Saturday, March 22, 2008

Review: Gastroanomalies


Gastroanomalies: questionable culinary creations from the Golden Age of American Cookery by James Lileks
4.5 stars


Reason for reading: James Lileks is one of the funniest people on the planet, hands down; part of my Nonfiction list for the Triple 8 Challenge

Book description: In an era where cooks wanted to put their best foot forward, there was no end to the creative, cost-efficient, and cream-based dishes that disgraced the family dinner table, the cocktail party, or the neighborhood BBQ. Recipes involving ingredients like ground meat, bananas, and cottage cheese sound innocent enough—unless you mix them all together in a strange attempt to cover every food group at once. In Gastroanomalies, James Lileks gathers another remarkable assortment of dishes that once inspired cooks to brave new heights but now inspire sour stomachs and thoughts of “how did I survive?”

My thoughts: Another winner from the founder/writer of the Gallery of Regrettable Food.
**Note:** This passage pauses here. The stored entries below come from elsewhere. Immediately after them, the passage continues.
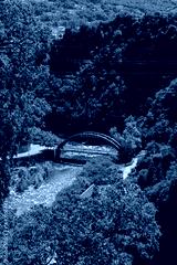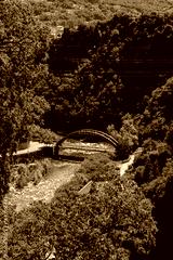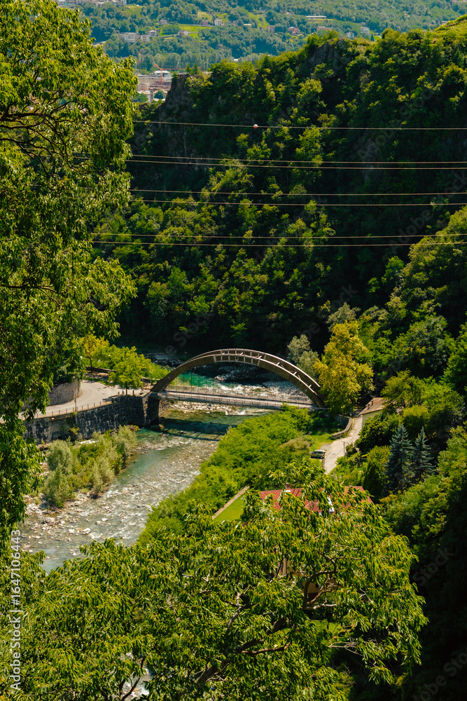 Arch bridge over river surrounded by dense green hills with partial view of Sondrio city in the background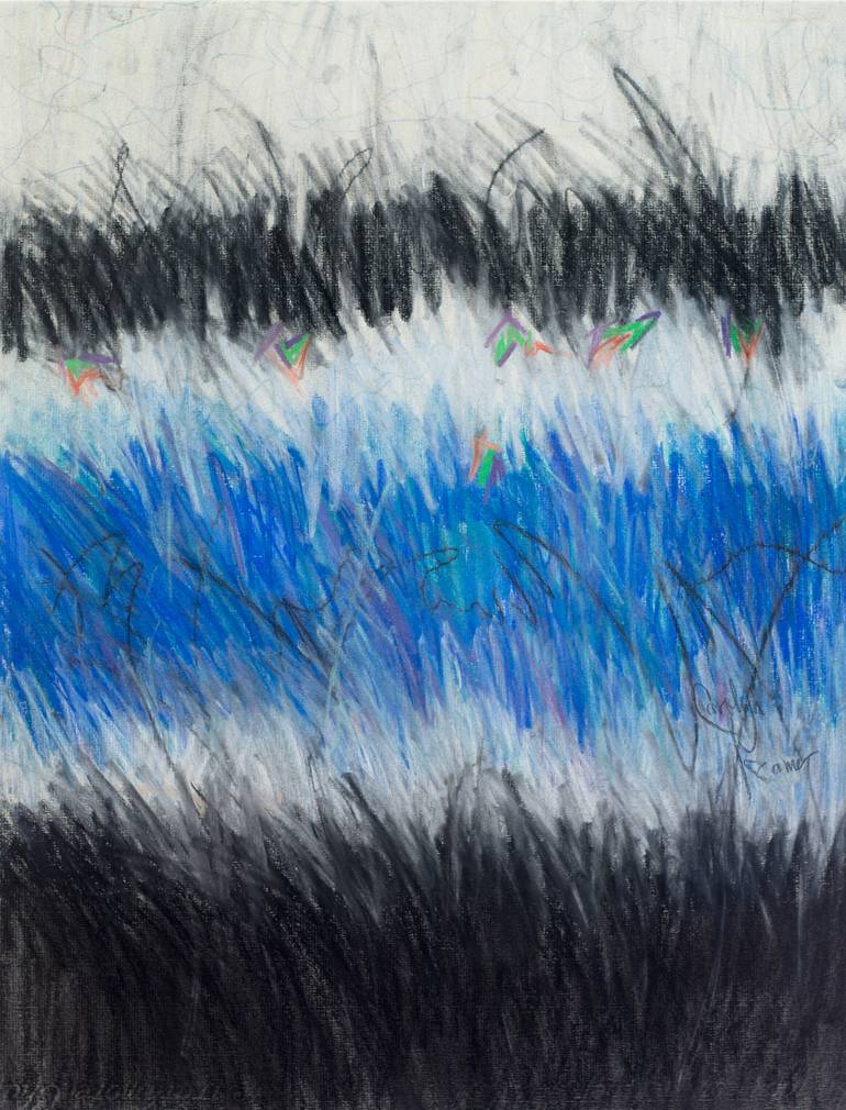 Horizontal lines of the sea inform this pastel paper work. The ocean is captured in colbalt & sapphire chalk pastel woven along with rich blacks, whites and shots of bright orange which occur throughout the art work. Bold gestural scribbles capture the energy of blowing wind and water. The viewer wi...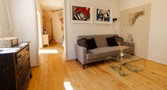 Donnant sur une cour intérieure, la chambre peut accueillir deux personnes. Le lit double, de style Louis XVI, est la pièce maîtresse de l'ameublement d'époque du XVIIIe siècle, qui confère à l'habitation confort et élégance.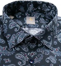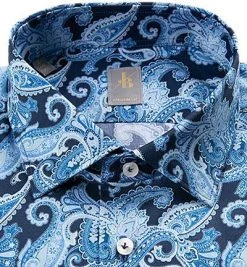 Jacques Britt Hemd Como 662110/17 Slim Fit, Popeline, Dunkelblau gemustert, Dunkelblau

It loses 1/2 a star only because he recycled a couple of the gags/photos from the original Gallery.

Husband and I have spent many happy, hilarious hours reading his website and his books together (we even hosted a regrettable food housewarming party) and this time was no different. I don't want to spoil the delights in store for you, but one of the ones that made us laugh the most was a photo of gingerbread people on sticks, stuck into candy cane-decorated apples, presumably meant to be a festive treat. The caption? "When Count Chocula took over Candyland, he had all his opponents impaled and displayed outside the castle. It had the effect of discouraging dissent, as he knew it would."

You need funny in your life. You need James Lileks.